5) Trust, safety, and governance maturity

  • Enterprise guardrails (PII handling, audit trails, policy enforcement, red-teaming)
  • Evidence they can pass security reviews without halting the sales cycle.

6) Integration surface area

  • Connectors to the systems where the work actually happens (CRM, EHR, ticketing, ERP, doc repos).
  • Admin controls, SSO/SCIM, observability, and analytics that make admins heroes.

7) Go-to-market repeatability

  • Repeatable use cases, and referenceable outcomes.
  • Sales cycle learning: land → expand patterns, partner motion, implementation timelines.

8) Team topology and culture of iteration

  • Product × engineering × domain expertise tightly coupled.
  • A culture of ruthless measurement, rapid rollback, and learning, not shipping clever prompts and calling it done.

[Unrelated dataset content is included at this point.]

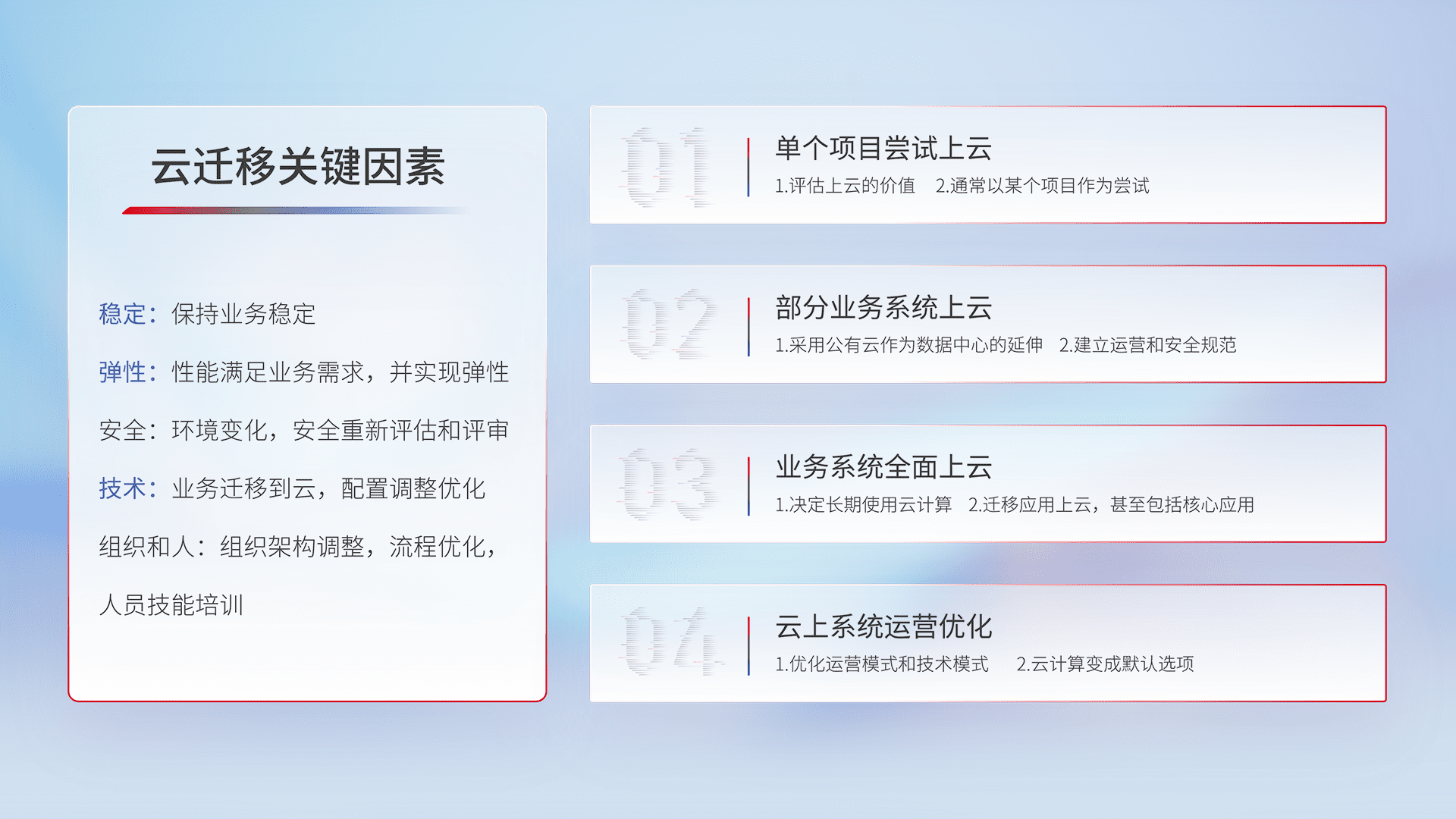 结合实际业务,,从规划设计、、、云平台选型、、、云原生改造、、、、数据迁移、、、、集成交付,,,,迁移全过程为客户识别最佳上云路径,,做好风险识别管理,,,,设计网络架构、、、身份权限、、、、安全审计合规、、操作审计、、日志审计、、、、监控告警策略、、、多站点容灾设计等,,,,对云上基础设施进行整体规划,,,,提升IT治理水平,,,以满足弹性、、、、高可用、、、、高性能的需求。。。。

The Investor Questions That Matter Now

  • If a hyperscaler shipped your top three features next quarter, what still makes you win?
  • How quickly can you adopt a new model class without a rewrite?
  • What’s your evaluation harness? Which tasks regress when you swap models?
  • Which signals make your system smarter each week? Who owns the rights to those signals?
  • Which integrations create real switching costs? (Because they embed you in the workflow, not because you’re proprietary.)
  • What breaks when the customer doubles usage? Show operational readiness: monitoring, incidents, rollback.
  • What’s your change-management playbook? Who trains users, rewrites SOPs, and owns the outcome?

What Replaces the Moat: Compounding Systems

Instead of asking “What’s your moat?”, ask “What compounds as you grow?”

  • Learning compounds (evals, feedback, adapters).
  • Distribution compounds (integrations, partners, reference architectures).
  • Economics compound (cost per task drops with scale and sophistication).
  • Trust compounds (governance, reliability, security, compliance).
  • Workflow ownership compounds (from assist → automate → autonomize with controls).

That’s the durable advantage in AI: not a wall around a castle, but a system that gets better, cheaper, and safer the more it’s used, and can ride the model wave instead of being wrecked by it.

Bottom Line

“Moat Today, Gone Tomorrow” isn’t a cynical take, it’s an operating principle. In AI, static defenses age out quickly. The startups that endure don’t rely on features the platforms will subsume; they build architectures, loops, and go-to-market machines that compound with every customer, every task, and every model upgrade.

If you’re a founder, design for optionality, speed, and learning. If you’re an investor, underwrite adaptability over artifacts. Because in this market, the question isn’t “Do you have a moat?”—it’s “Will you still have an edge after the next model release?”